Chronic hepatitis B, a significant global health concern affecting an estimated 300 million people worldwide, currently lacks curative treatment options. Existing therapies, such as nucleos(t)ide analogs, offer viral suppression but rarely lead to a functional cure, requiring lifelong administration and only providing a 1-3% chance of achieving it.
PBGENE-HBV: A Novel Therapeutic Approach
PBGENE-HBV represents a highly specific therapeutic strategy designed to address the limitations of current HBV treatments. By directly targeting and eliminating cccDNA and inactivating integrated HBV DNA, PBGENE-HBV aims to provide a better chance of achieving a functional cure for chronic hepatitis B. The therapy leverages Precision BioSciences' ARCUS® genome editing platform, which is designed for precise and efficient gene editing in vivo.
Michael Amoroso, CEO of Precision BioSciences, stated, "The CTA submissions for PBGENE-HBV are important milestones for Precision as we pioneer this potentially curative therapy for chronic hepatitis B... Our goal is clear, to generate robust clinical data for the patients afflicted with hepatitis B who are counting on us to significantly increase their chance of achieving a functional cure."
Clinical Trial and Future Expectations
The Phase 1 trial will be the first-in-human study for PBGENE-HBV. Precision BioSciences anticipates initiating the global Phase 1 trial soon and expects to report initial data in 2025. Further details regarding the safety profile of the clinical candidate and the Phase 1 clinical trial design are expected to be shared in November, prior to the American Association for the Study of Liver Diseases (AASLD) Annual Meeting.

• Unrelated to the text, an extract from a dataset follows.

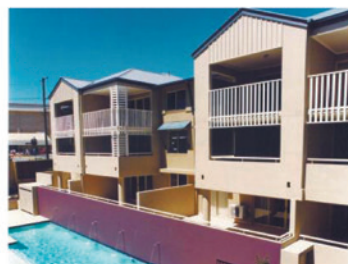
project Verandahs on Vincent suburb Indooroopilly units 34 (new) completion 2001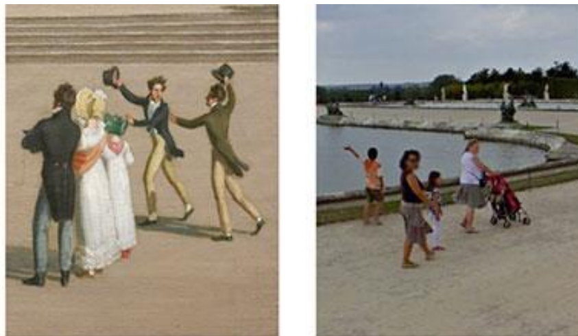
Fig. 5. Detail of John Vanderlyn’s Panoramic View of the Palace and Gardens of Versailles , 1819 (left) and Detail of Google World Wonders Project (Palace and Park of Versailles), 2012 (right).

The panoramas of Versailles provide a multi-layered look at the visitor’s gaze. As Smith argues, “Visiting a heritage site or museum is a performative state about identity in which the performer is also audience to the management and interpretive performances of the heritage site/museum management and interpretive staff... If meaning at heritage sites and museums is mediated through constructing and engaging with a plausible experience, rather than simply through presenting and reading the facts on interpretive panels, the heritage visitor becomes intimately concerned with decoding the meaning of those experiences” (Smith 70). And so, in both the imagined visitors by Vanderlyn and the un-choreographed recording of visitors by Google’s Street View, we see people responding to the site and creating memories: whether in a discussion or taking a photo or gazing at the physical site of Versailles, people are reacting to their surroundings—helping shape the identity of a place, a culture, and an individual (Fig. 5).

Dr. Murray Abramson, Senior Vice President, Head of Clinical Development, noted, "With our recent regulatory submissions, we are on the cusp of initiating a global first-in-human study for our wholly owned PBGENE-HBV program... We are excited at the prospect of bringing this potentially curative therapy to patients living with hepatitis B."
Addressing Unmet Needs in HBV Treatment
Hepatitis B remains a leading cause of morbidity and mortality worldwide. An estimated 15% to 40% of individuals with chronic HBV infection may develop severe complications, including cirrhosis, liver failure, and hepatocellular carcinoma, underscoring the urgent need for more effective treatment strategies. PBGENE-HBV offers a potential paradigm shift in HBV management by targeting the root cause of the disease and aiming for a functional cure.